Data excerpts:
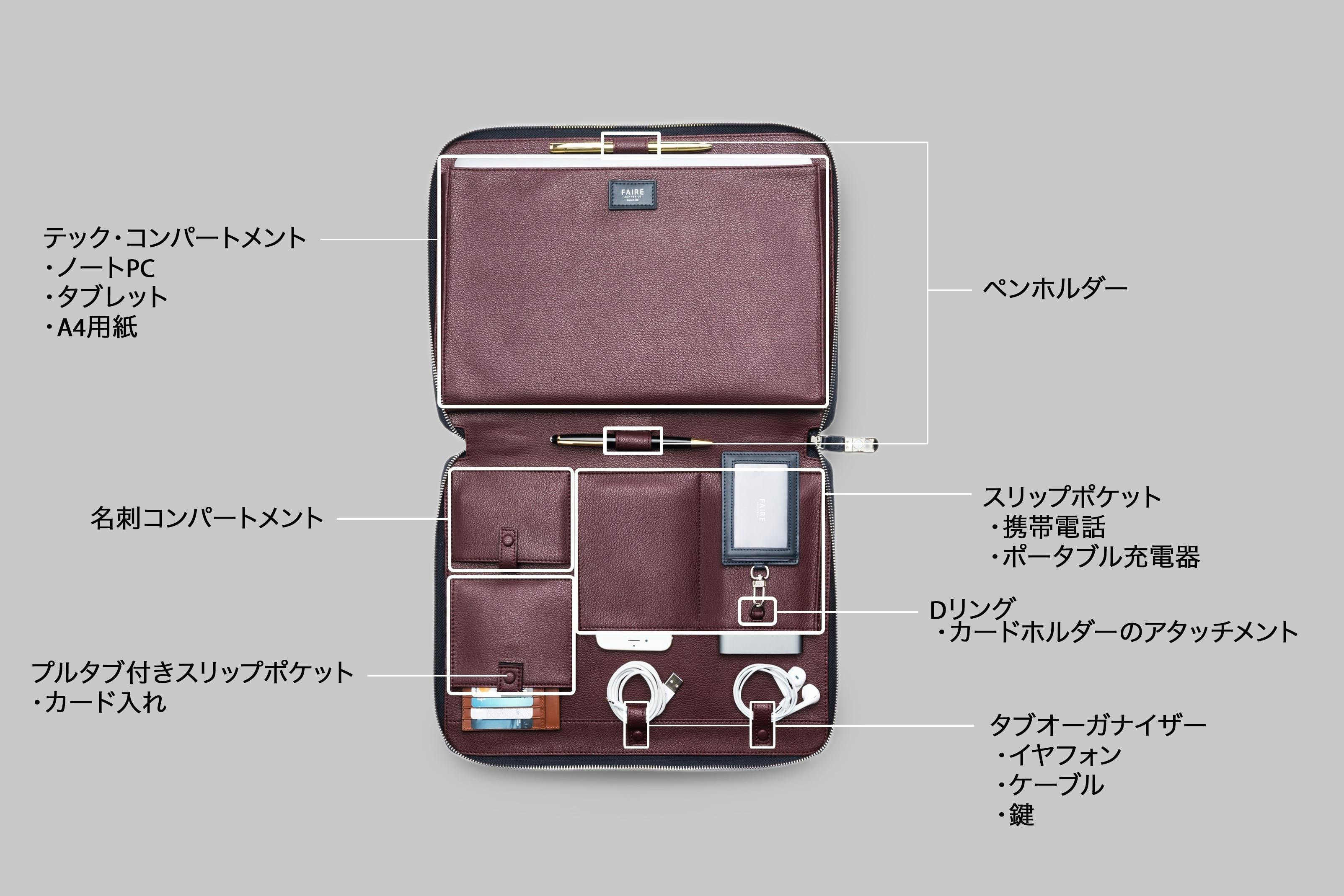 高機能レザーバッグのラインアップより、タブレット、薄型ノートPCに対応したクラッチタイプのレザーバッグをご紹介します。
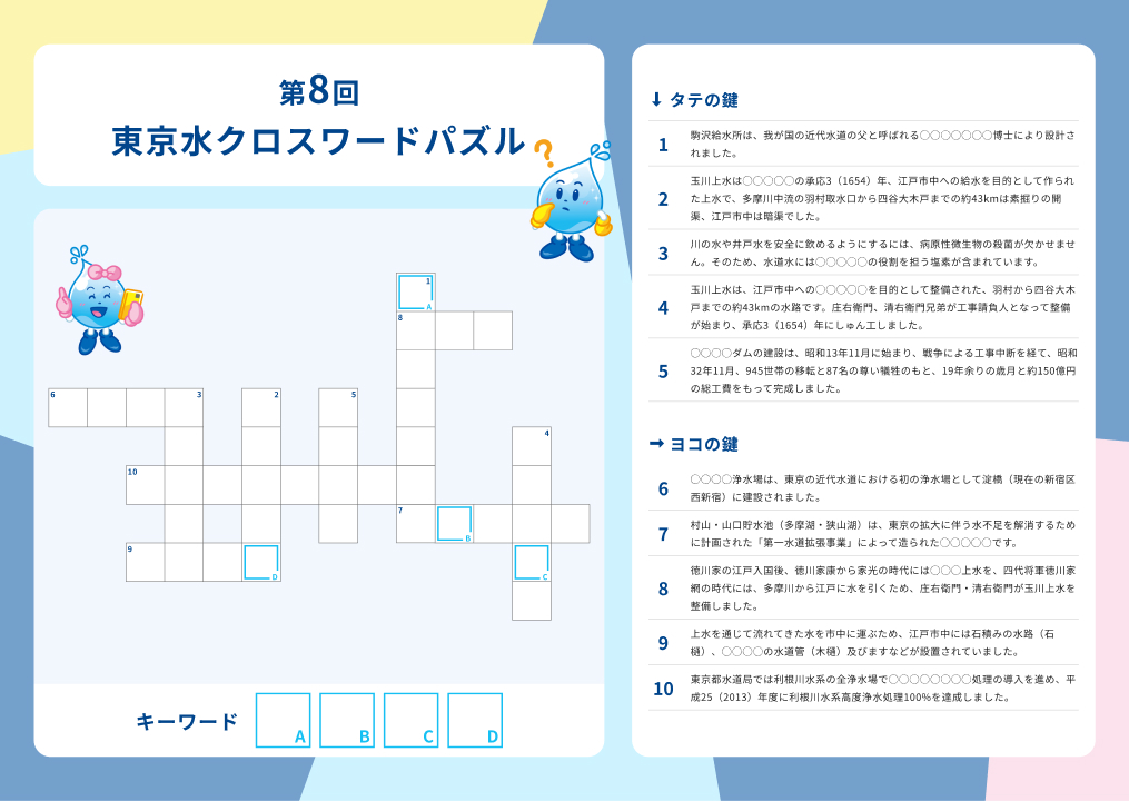 水道の用語を使ったクロスワードパズル。
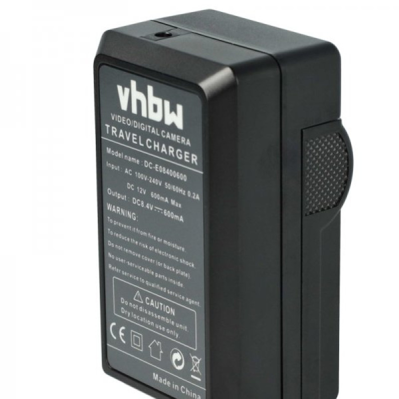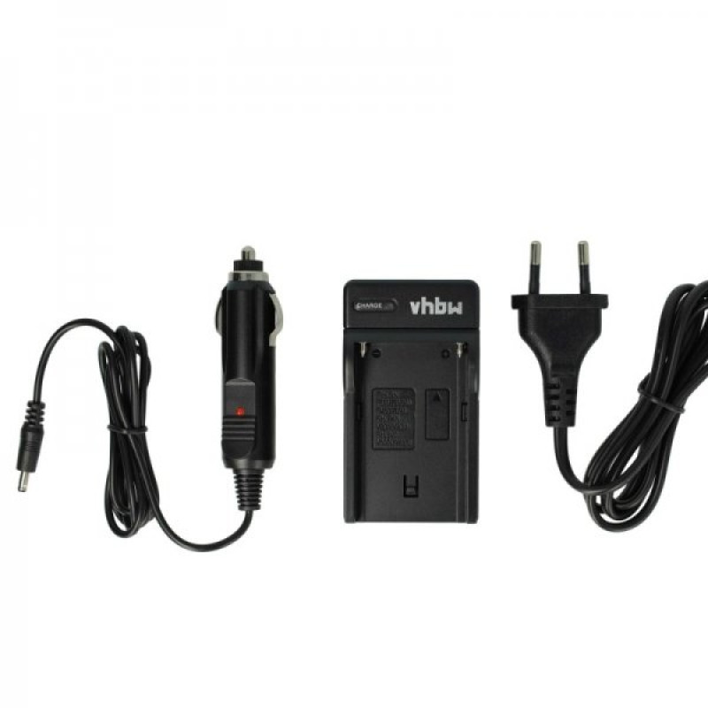 Kompaktní stolní nabíječka pro nabíjení baterií pro fotoaparáty/kamery, kterou lze zapojit do běžné elektrické zásuvky nebo do zásuvky automobilu. LED indikátor stavu ukazuje stav nabití baterie. Nabíječka se automaticky vypne, když je baterie plná.
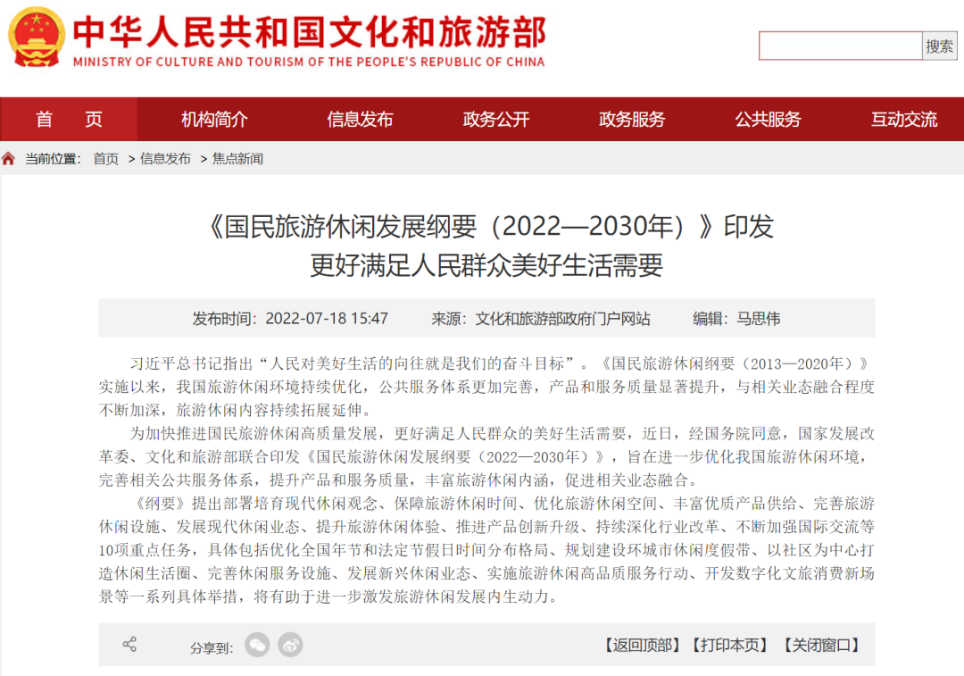 据文化和旅游部消息,为加快推进国民旅游休闲高质量发展,更好满足人民群众的美好生活需要,近日,经国务院同意,国家发展改革委、文化和旅游部联合印发《国民旅游休闲发展纲要(2022—2030年)》,旨在进一步优化我国旅游休闲环境,完善相关公共服务体系,提升产品和服务质量,丰富旅游休闲内涵,促进相关业态融合。
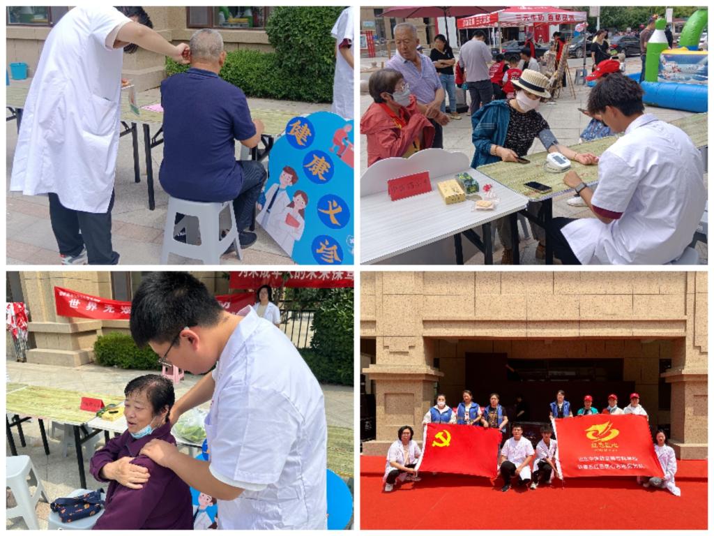 为充分发挥专业特色与人才优势,切实将共青团实践育人工作融入社区服务,引领广大团员青年主动作为、紧跟党走,6月2日,针康系红色医心志愿服务队来到金埠街社区参与由牟平区举办、社区党组织领办的“牟邻集市”启动仪式,以公益形式为社区民众提供健康义诊服务。
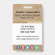 badge d'identification de l'employé vertical avec deux tons beige plus arrière - plan beige marbré. Tous les éléments sont modifiables ou amovibles. Avant de l'insigne : photo de l'employé, nom de l'employé, service de l'employé, nom de l'entreprise et slogan. adresse de l'entreprise, numéro de téléphone, site Web et adresses électroniques. Back of design a également des informations d'entreprise qui sont tous personnalisables. Également disponible en orientation horizontale. Assieds-toi au sommet pour le lanyard. Tous ces éléments peuvent être modifiés ou supprimés.
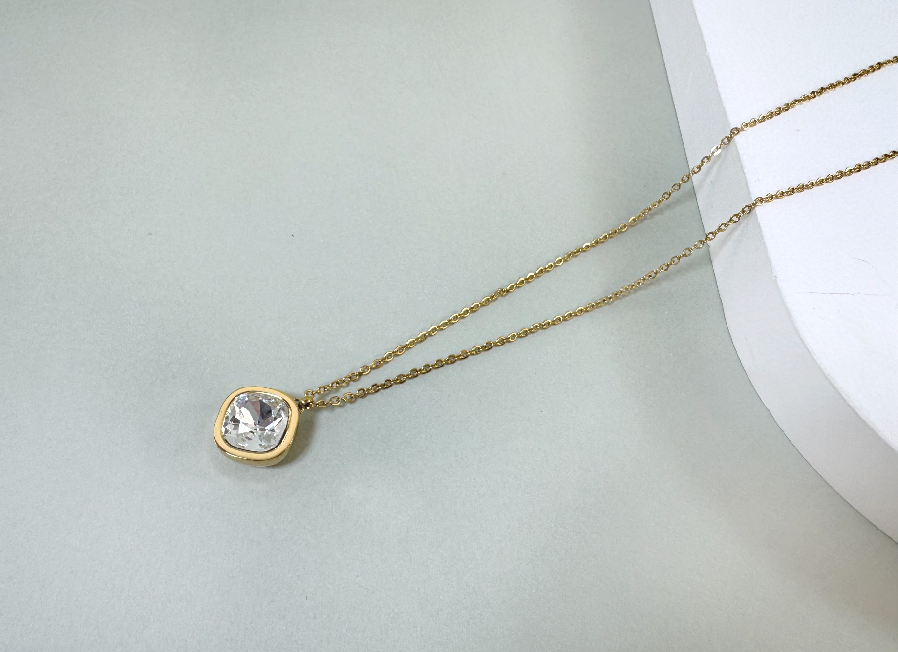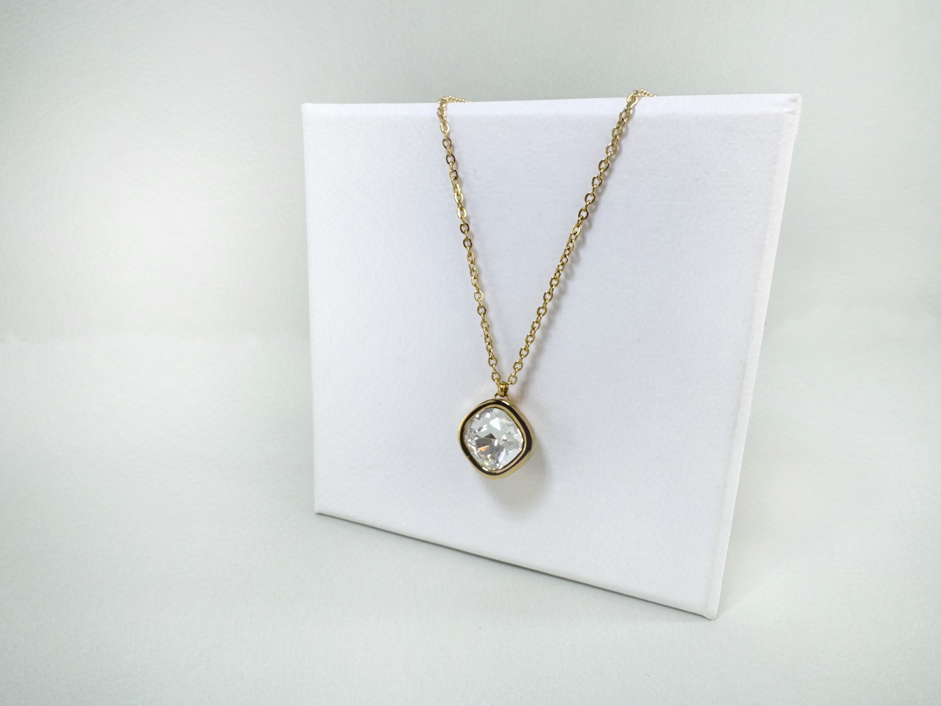 Αναδείξτε τη διαχρονική κομψότητα με αυτό το εκλεπτυσμένο χρυσό ατσάλινο κολιέ. Διαθέτει μια λεπτή αλυσίδα που αγκαλιάζει διακριτικά τον λαιμό και ένα τετράγωνο, διάφανο ζιρκόν σε μεταλλικό πλαίσιο, προσθέτοντας μια λαμπερή πινελιά στο στυλ σας. Ιδανικό για καθημερινές και βραδινές εμφανίσεις, συνδυάζεται εύκολα με κάθε look, προσφέροντας διακριτική λάμψη και κομψότητα.
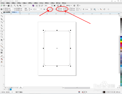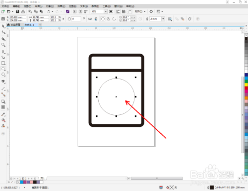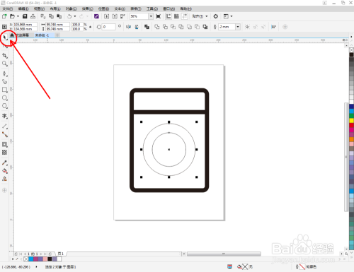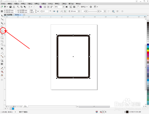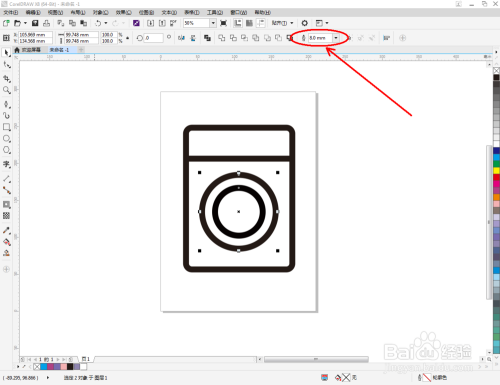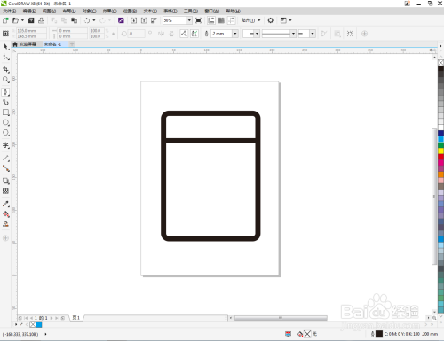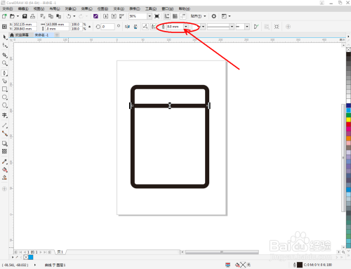 点击【矩形东西】,在作图区域绘制一个矩形图案。选中图案,点击【圆角】图标,按图示设置好圆角参数和轮廓宽度。点击【钢笔东西】绘制一条线段,并设置好线段的轮廓宽度(如图所示);
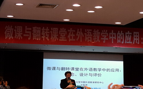 课程伊始,北京外国语大学学术委员会主任、教授、博士生导师文秋芳老师提纲挈领地界定了本次研修班的讨论范围,即服务于翻转课堂的微课以及基于微课的翻转课堂。其后,文老师明确指出微课与翻转课堂应该有效衔接,课前与课上有机结合,才能够促进知识的活用与内化吸收。文老师结合其他专家对于微课与翻转课堂的看法,认为微课对于同行交流,提高教师的教学水平和专业能力有很大的促进作用,“聪明的老师把别人的微课作为自己学习的样本”。
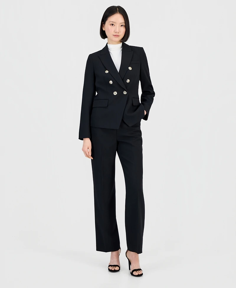 Tahari Asl's chic suit combines classic trousers with a fresh take on a double-breasted jacket. The cutaway front hem and peak lapels give this design extra polish.

Your goal:
With the pictures omitted, the records above are to be repeated exactly.

Result of the exercise:
 高機能レザーバッグのラインアップより、タブレット、薄型ノートPCに対応したクラッチタイプのレザーバッグをご紹介します。
 水道の用語を使ったクロスワードパズル。
 Kompaktní stolní nabíječka pro nabíjení baterií pro fotoaparáty/kamery, kterou lze zapojit do běžné elektrické zásuvky nebo do zásuvky automobilu. LED indikátor stavu ukazuje stav nabití baterie. Nabíječka se automaticky vypne, když je baterie plná.
 据文化和旅游部消息,为加快推进国民旅游休闲高质量发展,更好满足人民群众的美好生活需要,近日,经国务院同意,国家发展改革委、文化和旅游部联合印发《国民旅游休闲发展纲要(2022—2030年)》,旨在进一步优化我国旅游休闲环境,完善相关公共服务体系,提升产品和服务质量,丰富旅游休闲内涵,促进相关业态融合。
 为充分发挥专业特色与人才优势,切实将共青团实践育人工作融入社区服务,引领广大团员青年主动作为、紧跟党走,6月2日,针康系红色医心志愿服务队来到金埠街社区参与由牟平区举办、社区党组织领办的“牟邻集市”启动仪式,以公益形式为社区民众提供健康义诊服务。
 badge d'identification de l'employé vertical avec deux tons beige plus arrière - plan beige marbré. Tous les éléments sont modifiables ou amovibles. Avant de l'insigne : photo de l'employé, nom de l'employé, service de l'employé, nom de l'entreprise et slogan. adresse de l'entreprise, numéro de téléphone, site Web et adresses électroniques. Back of design a également des informations d'entreprise qui sont tous personnalisables. Également disponible en orientation horizontale. Assieds-toi au sommet pour le lanyard. Tous ces éléments peuvent être modifiés ou supprimés.
 Αναδείξτε τη διαχρονική κομψότητα με αυτό το εκλεπτυσμένο χρυσό ατσάλινο κολιέ. Διαθέτει μια λεπτή αλυσίδα που αγκαλιάζει διακριτικά τον λαιμό και ένα τετράγωνο, διάφανο ζιρκόν σε μεταλλικό πλαίσιο, προσθέτοντας μια λαμπερή πινελιά στο στυλ σας. Ιδανικό για καθημερινές και βραδινές εμφανίσεις, συνδυάζεται εύκολα με κάθε look, προσφέροντας διακριτική λάμψη και κομψότητα.
 点击【矩形东西】,在作图区域绘制一个矩形图案。选中图案,点击【圆角】图标,按图示设置好圆角参数和轮廓宽度。点击【钢笔东西】绘制一条线段,并设置好线段的轮廓宽度(如图所示);
 课程伊始,北京外国语大学学术委员会主任、教授、博士生导师文秋芳老师提纲挈领地界定了本次研修班的讨论范围,即服务于翻转课堂的微课以及基于微课的翻转课堂。其后,文老师明确指出微课与翻转课堂应该有效衔接,课前与课上有机结合,才能够促进知识的活用与内化吸收。文老师结合其他专家对于微课与翻转课堂的看法,认为微课对于同行交流,提高教师的教学水平和专业能力有很大的促进作用,“聪明的老师把别人的微课作为自己学习的样本”。
 Tahari Asl's chic suit combines classic trousers with a fresh take on a double-breasted jacket. The cutaway front hem and peak lapels give this design extra polish.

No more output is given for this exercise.